How Women are Seen
Thursday 24 Aug 2017,
By Helen White
As we commemorate women’s month, the nation asks itself: how do we see the women of our country? But what we should be asking ourselves is, how do the women of our country see?
The fact is, many of them don’t – and not because they were born blind. In many cases, the visual impairment and blindness that women in the region suffer from, is entirely preventable or treatable. Now, a new study has uncovered some of the reasons why so many women in the region are unable to access the eye care they need – especially cataract surgery which can restore sight. The study was conducted in Zambia, but according to Lene Øverland, CEO of Orbis Africa, “These findings are crucial because they shed light on circumstances that are replicated over and over again in different countries in the region – and South Africa is no exception.”
The study was conducted because of a worrying asymmetry that is evident along gender lines: Approximately two thirds (of the estimated 39-million blind people worldwide) are women and 87% live in developing countries. Over half of all blindness is due to cataracts, and women are 10-15% more likely to have cataracts than men in developing countries. In Africa, women account for between 53% and 72% of all people living with cataracts – which means they should appear more frequently on the cataract surgery lists.
But, the reality is, they don’t.
The cataract surgical coverage rate for men in developing countries is up to 1.7 times higher for men than women. So, what are the barriers that stop women from receiving the help they need? This is what the study sought to find out. Two main issues came up: Firstly, women face major delays in even getting the advice they need about going for surgery. And secondly, even when they have received a referral for surgery, cultural and socioeconomic barriers prevent them from getting it.
The delays – which are generally between 9 months all the way up to 14 years – had may different causes. Many patients were losing time trying home remedies and traditional medicine, or hoping that their religious beliefs would bring on a cure. Also, many were waiting for a specialist to visit their area, and some were even advised to wait for the cataracts to mature before seeking professional help. Some received poor counselling at diagnosis, and others simply felt fearful of surgery. “This was made worse by the general limited education levels of the women,” says Øverland. These problems are compounded by socioeconomic and cultural barriers at play. Many women have limited decision-making rights in their communities and also, even if they decided to seek help, the “costs associated with travel to suitable facilities was a problem”.

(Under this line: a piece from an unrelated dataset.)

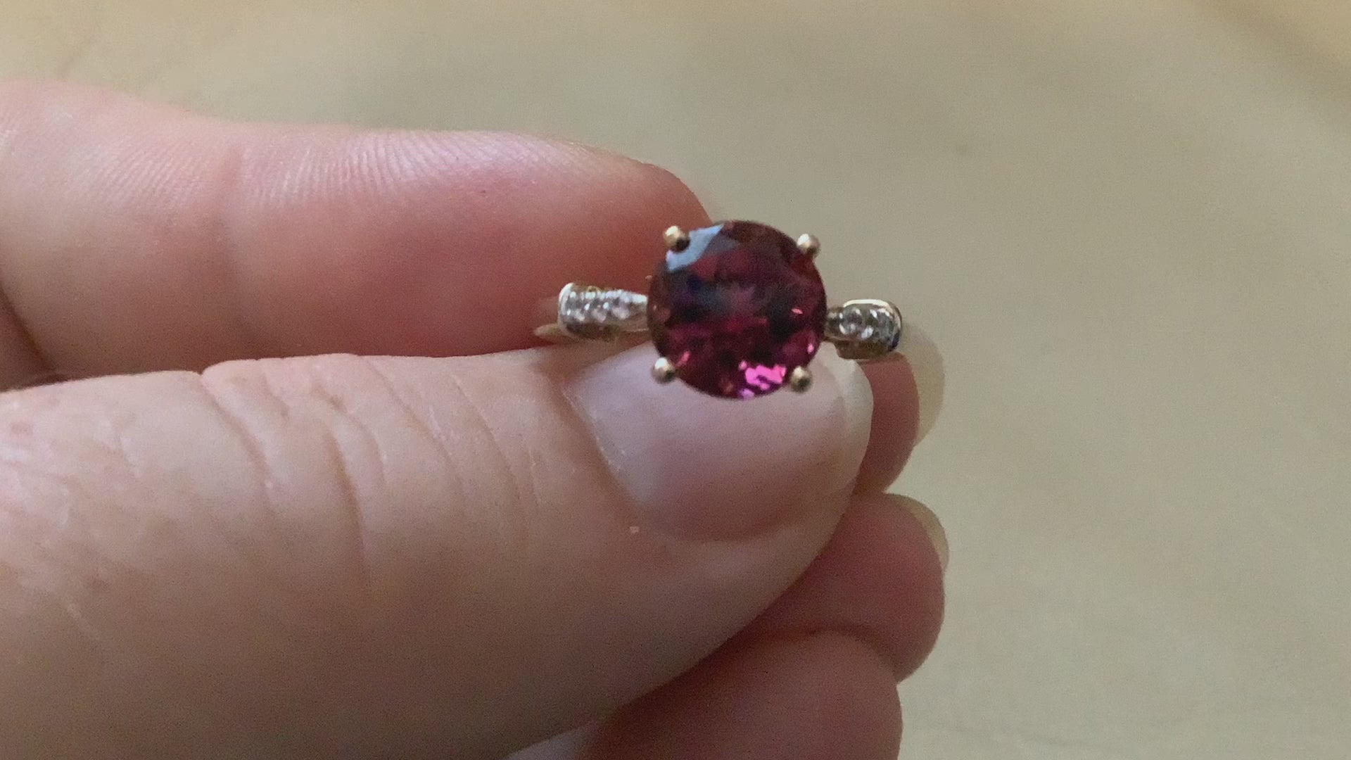 Wow!! This ring is stunning, the photos do not do the colours in this amazing stone justice! It measures 7.5mm across and sparkles away with flashes of reds and pinks depending on the light hitting it. The shoulders on either side are set with sparkling white zircon stones. It is stamped for Gemporia and has the 9K 375 stamps and a full hallmark. It’s in great preloved condition with small signs of wear on close inspection. It’s gorgeous and will come in a new black leatherette box.

Where to from here? According to Øverland, “It is important to bring families into counselling sessions (or where counselling is unavailable, information sessions) when women are referred for surgery to discuss the potential benefits of sight-restoring surgery.” Also, she said, misconceptions needed to be addressed and “general awareness on the benefits of sight-restoring surgery should be raised within communities.”
According to Unathi Matwasa of the Institute for Race Relations, “While progress can be seen, there is a need for a further upturn in the socio-economic status of women in South Africa. Accordingly, policy focus should be aimed at a more inclusive economy, including the safety and security of women.” Says Øverland, “Policy should also focus on the link between healthcare and the other forces at play in the lives of women in our region. Poverty and lack of access are, unfortunately, often hand in hand.”